(Task directions):
From the line containing "- Pulpo sobre cama de patatas revolconas" down to the final line of the entries below, quote every line verbatim. Exclude pictures.

(Records supplied):
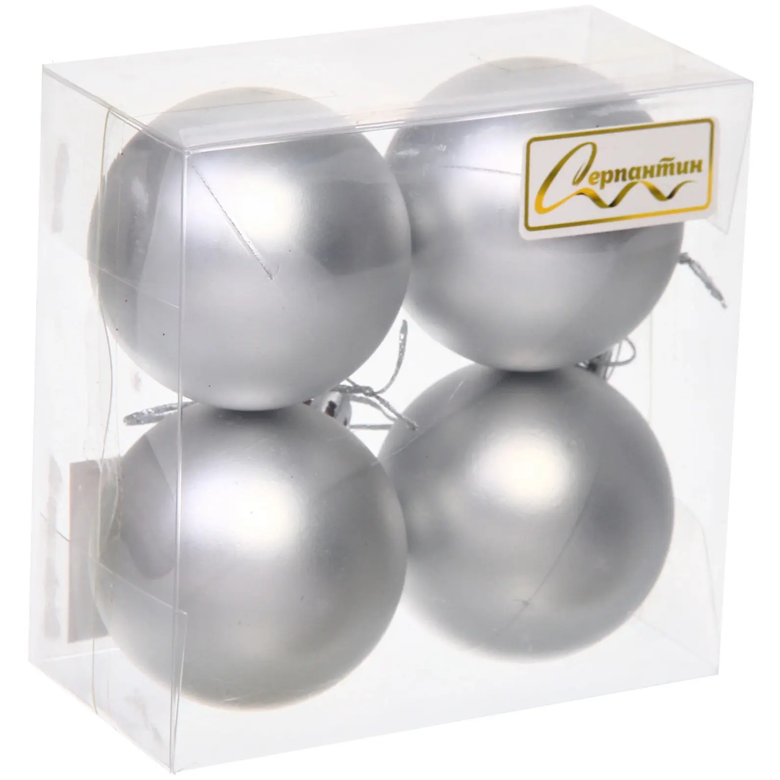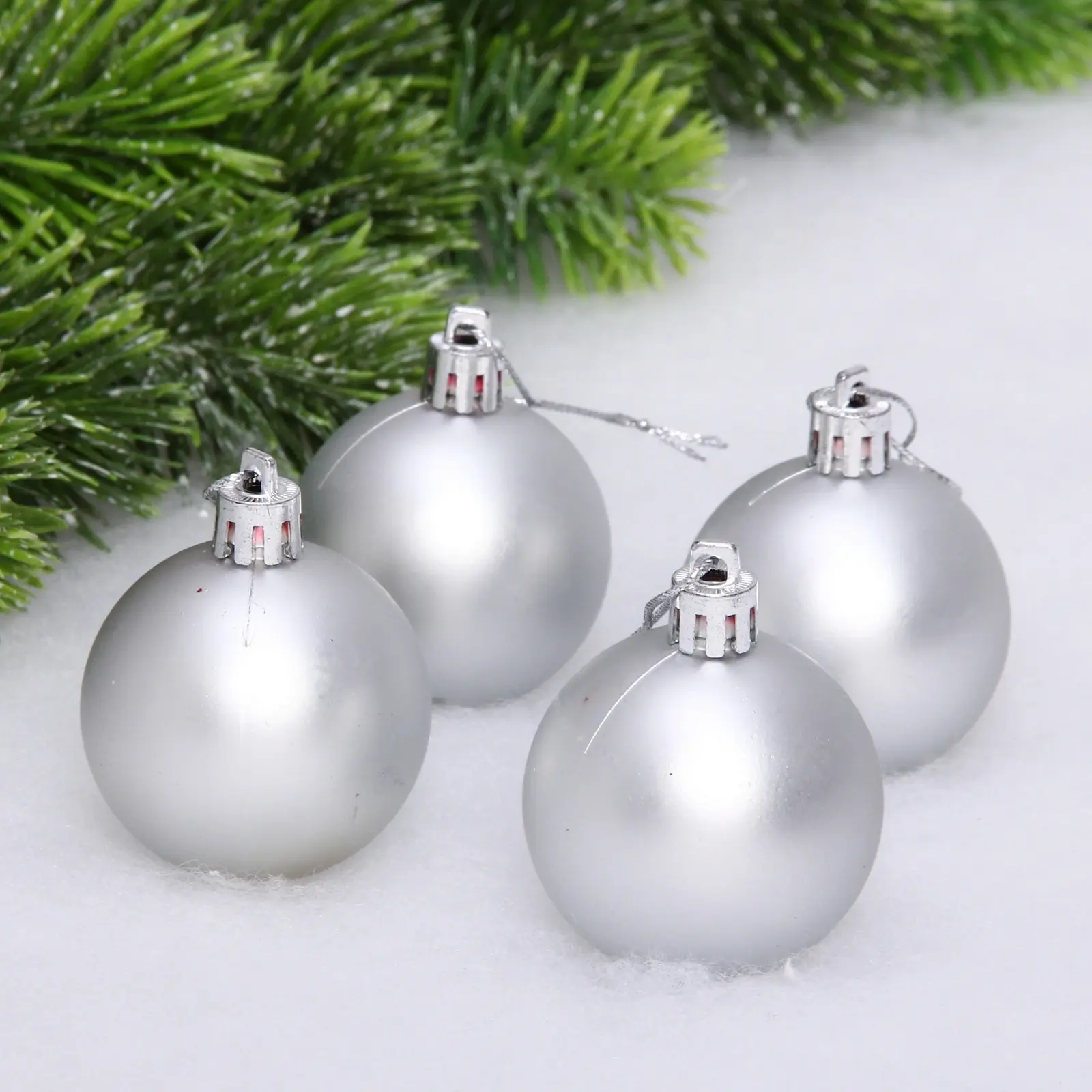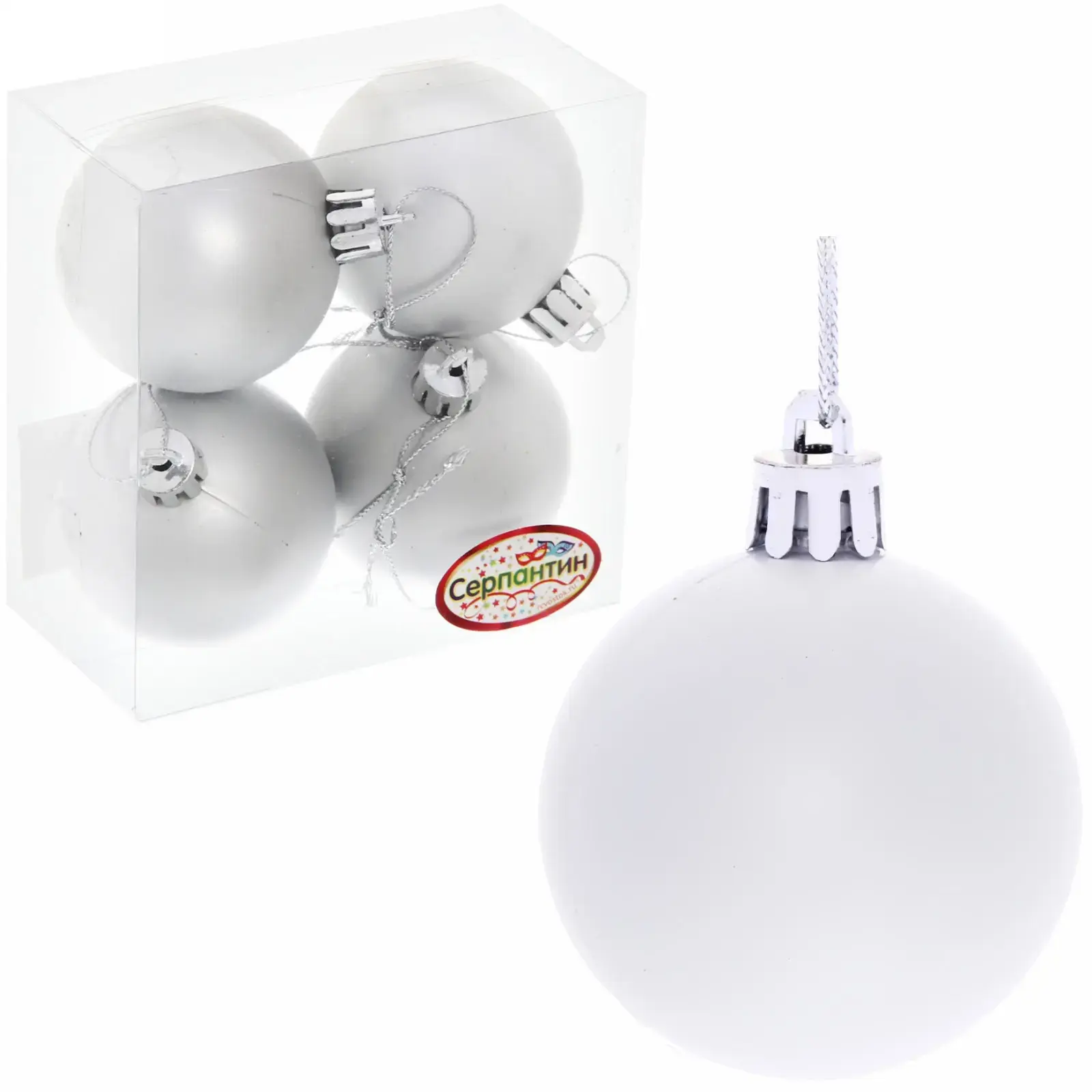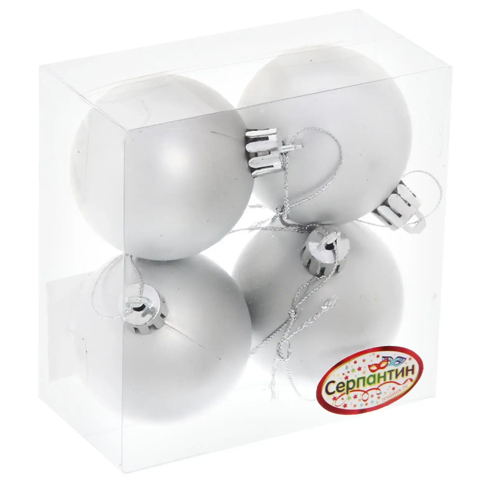 Диаметр каждого шара составляет 5 см — оптимальный размер для стандартных новогодних ёлок. Материал изготовления — ударопрочный пластик с матовым покрытием. В комплекте 4 идентичных шара серебристого цвета. Металлические крепления надёжно фиксируются на ветках.
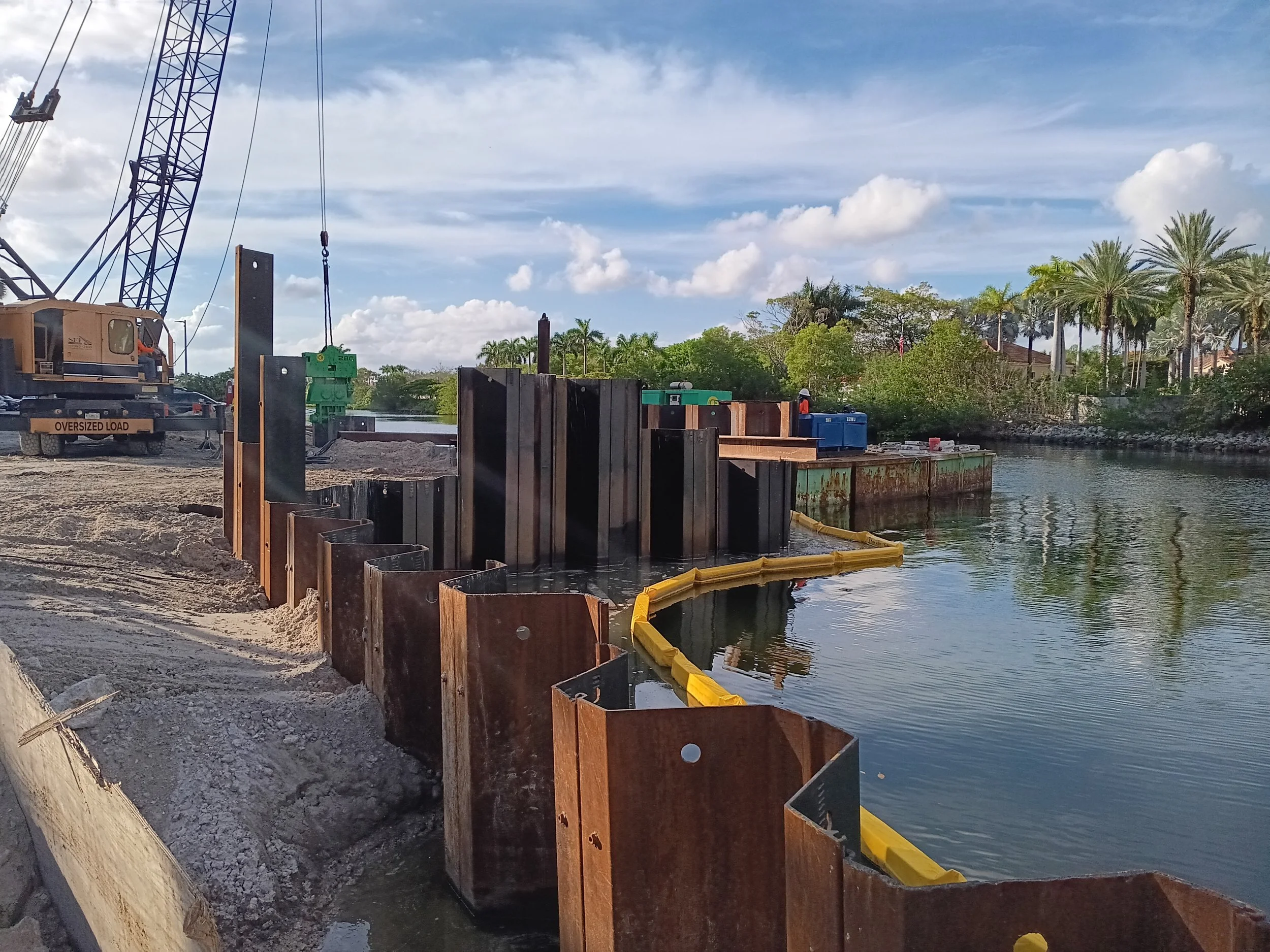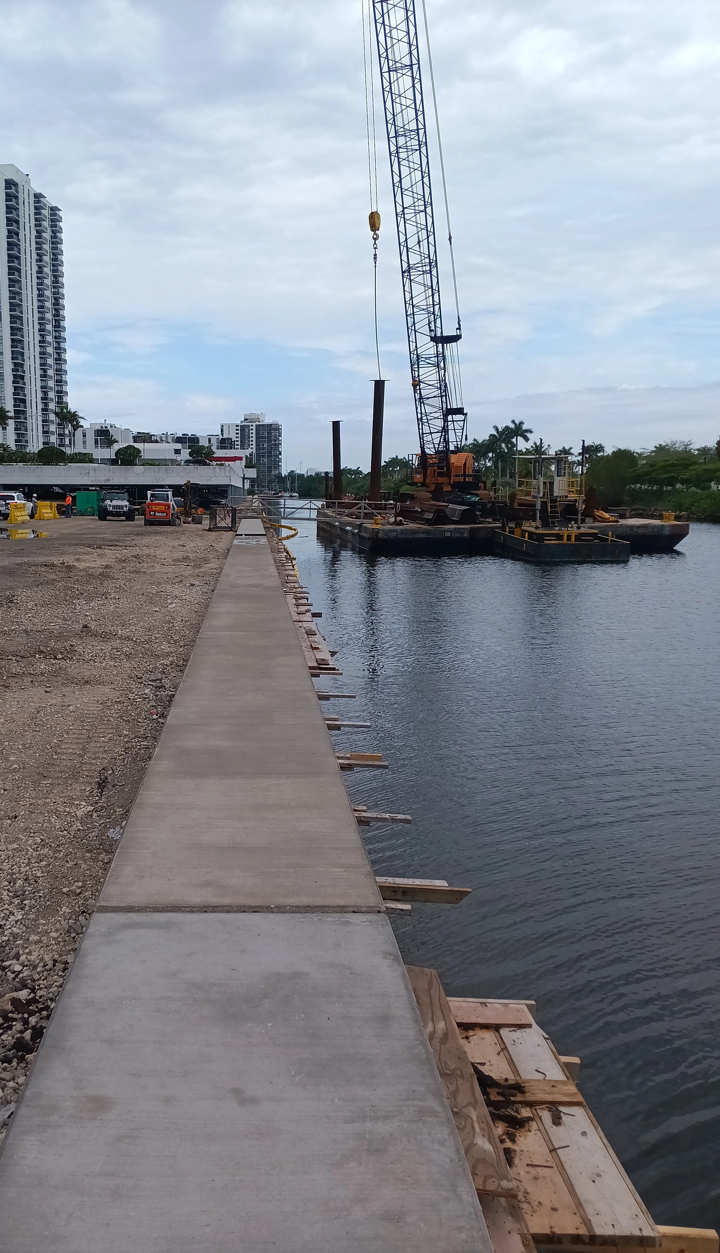 This impressive seawall project features a 550-linear-foot steel sheet pile structure, topped with a 3' 8" wide poured-in-place concrete cap for both durability and functionality. The project also included the extension of five outfalls through the seawall, each equipped with reinforced concrete collars and custom-designed manatee grates for environmental protection. Additionally, a new 550-foot curb was constructed, and a portion of the parking lot was repaved, providing a seamless and modern upgrade to the waterfront area.
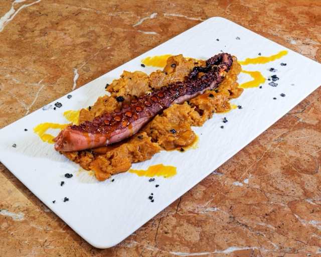- Pulpo sobre cama de patatas revolconas
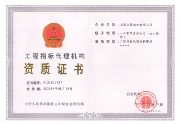 2013.8上投招標(biāo)榮獲中國(guó)住建部頒發(fā)的工程招標(biāo)代理機(jī)構(gòu)甲級(jí)資格證書
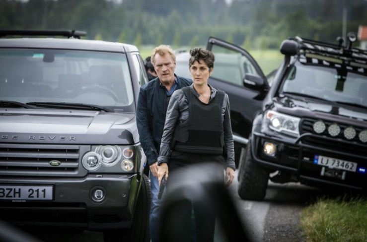 Kommissar Wisting (Sven Nordin) unterschätzt die Zielstrebigkeit seiner Kollegin Maggie (Carrie-Anne Moss) vom FBI.
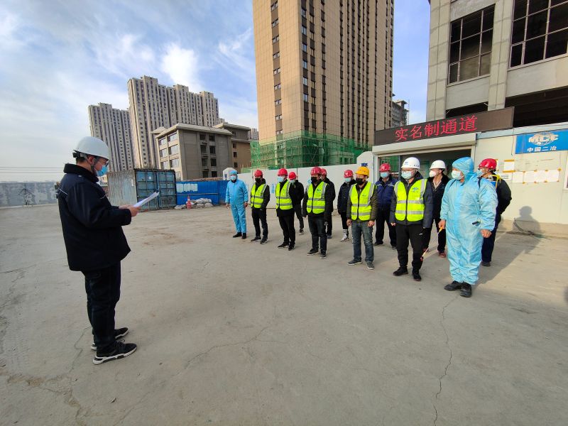 此次活动是城建分公司进一步落实公司疫情防控专题部署工作会议精神,充分发挥央企顶梁柱作用,织密疫情防控网,守护职工安全健康工作的一项重要活动,项目部高度重视,精细安排,提前制定应急预案指导演练活动,召开专题动员会议,成立演练工作领导小组,明确职责,层层落实责任,确保活动圆满成功。本次演练模拟1名职工在实名制通道测温时有发热症状,项目部迅速启动应急预案,通过电话沟通,救源组、消杀组迅速进入演练状态,拉开演练帷幕。
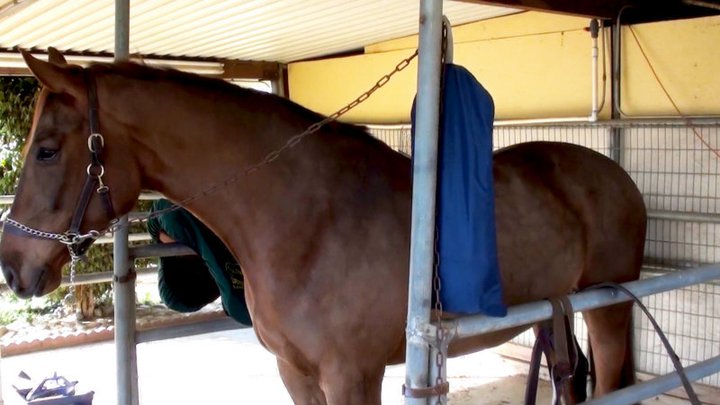Эта кляча стоять не желала, я чудом застала в 18 ч в конюшне одну даму, пока солнце не зашло- попросила ее подержать, так она с ним боролась все время, несмотря на то, что я его в манеже отгоняла полчаса. Да еще и темно было... Вобщем, что получилось - то получилось:
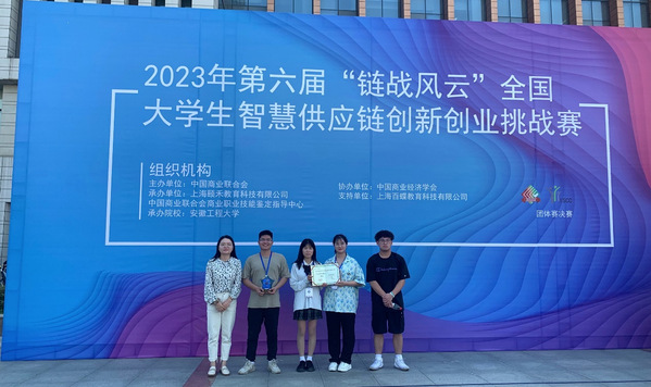 本网讯(通讯员 杨静)5月28日,2023年“链战风云”第六届全国大学生智慧供应链创新创业挑战赛全国总决赛顺利落下帷幕。我校经管学部张甜、吕彩云老师指导,武文彦,何成、朱元亮、张燕组成的光速队获得了本科组团体总决赛铜奖,挑战赛一等奖;杨林海、全永鑫、谢显根、黄颜彪组成的四个葫芦娃队获挑战赛三等奖,创造了我校参与此项赛事以来的最好成绩。
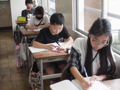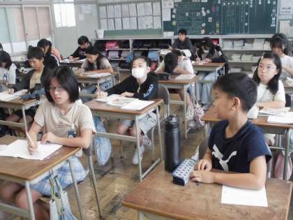 「どう並べたときに正方形ができるかを調べよう」というめあてで、長方形のタイルをいくつ並べると正方形になるのかという問題を解きました。児童たちは、公倍数を使えば問題が解けることに気づくことができました。そのことを生かし、その後の練習問題でも多くの児童が答えを求めることができました。
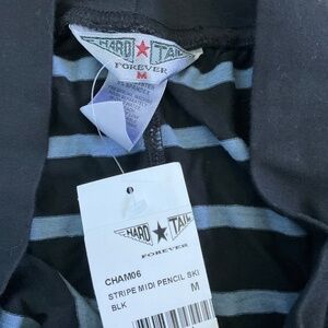 Hardtail pencil midi skirt black and blue stripes size M NWT

(Task solution):
- Pulpo sobre cama de patatas revolconas
 2013.8上投招標(biāo)榮獲中國(guó)住建部頒發(fā)的工程招標(biāo)代理機(jī)構(gòu)甲級(jí)資格證書
 Kommissar Wisting (Sven Nordin) unterschätzt die Zielstrebigkeit seiner Kollegin Maggie (Carrie-Anne Moss) vom FBI.
 此次活动是城建分公司进一步落实公司疫情防控专题部署工作会议精神,充分发挥央企顶梁柱作用,织密疫情防控网,守护职工安全健康工作的一项重要活动,项目部高度重视,精细安排,提前制定应急预案指导演练活动,召开专题动员会议,成立演练工作领导小组,明确职责,层层落实责任,确保活动圆满成功。本次演练模拟1名职工在实名制通道测温时有发热症状,项目部迅速启动应急预案,通过电话沟通,救源组、消杀组迅速进入演练状态,拉开演练帷幕。
Эта кляча стоять не желала, я чудом застала в 18 ч в конюшне одну даму, пока солнце не зашло- попросила ее подержать, так она с ним боролась все время, несмотря на то, что я его в манеже отгоняла полчаса. Да еще и темно было... Вобщем, что получилось - то получилось:
 本网讯(通讯员 杨静)5月28日,2023年“链战风云”第六届全国大学生智慧供应链创新创业挑战赛全国总决赛顺利落下帷幕。我校经管学部张甜、吕彩云老师指导,武文彦,何成、朱元亮、张燕组成的光速队获得了本科组团体总决赛铜奖,挑战赛一等奖;杨林海、全永鑫、谢显根、黄颜彪组成的四个葫芦娃队获挑战赛三等奖,创造了我校参与此项赛事以来的最好成绩。
 「どう並べたときに正方形ができるかを調べよう」というめあてで、長方形のタイルをいくつ並べると正方形になるのかという問題を解きました。児童たちは、公倍数を使えば問題が解けることに気づくことができました。そのことを生かし、その後の練習問題でも多くの児童が答えを求めることができました。
 Hardtail pencil midi skirt black and blue stripes size M NWT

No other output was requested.